Most jurisdictions hold companies responsible for protecting their data from accidental loss. Blaming hardware failures, or even natural disasters like flooding, is no excuse – an offsite solution is a requirement. Most security professionals recommend at least three backups, with one or more offsite.

Data usage

The use of data includes the processes of viewing, processing, modifying and saving. This includes big data (making sure to anonymize data where necessary for data privacy compliance). Now, creating anonymous data doesn’t stop with removing a person’s name, address, and phone number. It includes any combination of data inputs that can specifically identify a person. The fact that Citizen X is a Nashville music teacher, drives a Camaro, and enjoys panpipe renditions of “A Boy Named Sue” may be enough to identify a true identity.

Another consideration is data collaboration, or data sharing, for all methods used. Given the myriad ways we share data (email, VoIP, cloud storage and many more), this is a problem for many businesses, especially when trying to preventing insider threats.

Data Archiving

Most organizations use archives to store older, rarely used data. They are secure but available for on-demand use. Again, regardless of the storage method, backups are essential and access control procedures apply.

Data destruction

A key part of the data life cycle. The moment when the data will be destroyed will depend on the jurisdiction and the legislation in force. For example, some jurisdictions require companies to retain accounting data for five years. Due to software licensing restrictions (software licenses are not transferred to new owners in most cases) and a wide variety of data recovery software solutions available, companies are no longer donating their computers. They can reuse older hardware by using it as a print server or NAS, or more generally arrange secure disposal of hard drives via degaussing or incineration. Professional data recovery can recover discs damaged by fire or watertherefore, it is a more secure approach that protects company data when decommissioning hardware.

Master the lifecycle of your data to improve data security

At least this general overview of the data lifecycle should help you appreciate the complexity and proliferation of data caused by our reliance on technology.
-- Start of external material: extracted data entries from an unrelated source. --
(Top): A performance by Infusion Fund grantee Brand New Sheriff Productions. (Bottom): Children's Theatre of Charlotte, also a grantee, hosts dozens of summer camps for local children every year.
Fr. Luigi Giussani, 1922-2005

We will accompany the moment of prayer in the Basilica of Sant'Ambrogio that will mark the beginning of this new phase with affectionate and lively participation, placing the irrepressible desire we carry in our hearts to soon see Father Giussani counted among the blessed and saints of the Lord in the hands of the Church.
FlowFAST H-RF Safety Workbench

Everything we connect to creates data. To secure the future compliance with industry standardsregulating data privacy and/or litigation protection, it’s time for companies to get a handle on data lifecycle management.
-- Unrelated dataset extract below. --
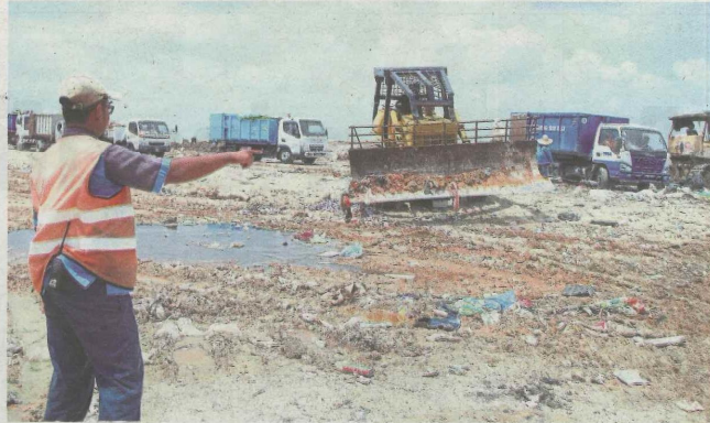
The 67ha Jeram landfill houses an electricity power plant that produces electricity from the greenhouse gases released by the rubbish as well as a leachate treatment plant.

Company plans to increase lifespan of landfills to cope with growing amount of rubbish being generated daily

No two companies have identical processes because your data lifecycle will complement the business processes for your unique situation. But understanding your data lifecycle and all of its complexities is key to maximizing your cybersecurity efforts. By identifying all potential risks and reducing them, you can increase the security of your data. Is the effort worth it? Most would say yes.

The post office Master the lifecycle of your data to improve data security appeared first on IS Decisions Enterprise Network Security Blog.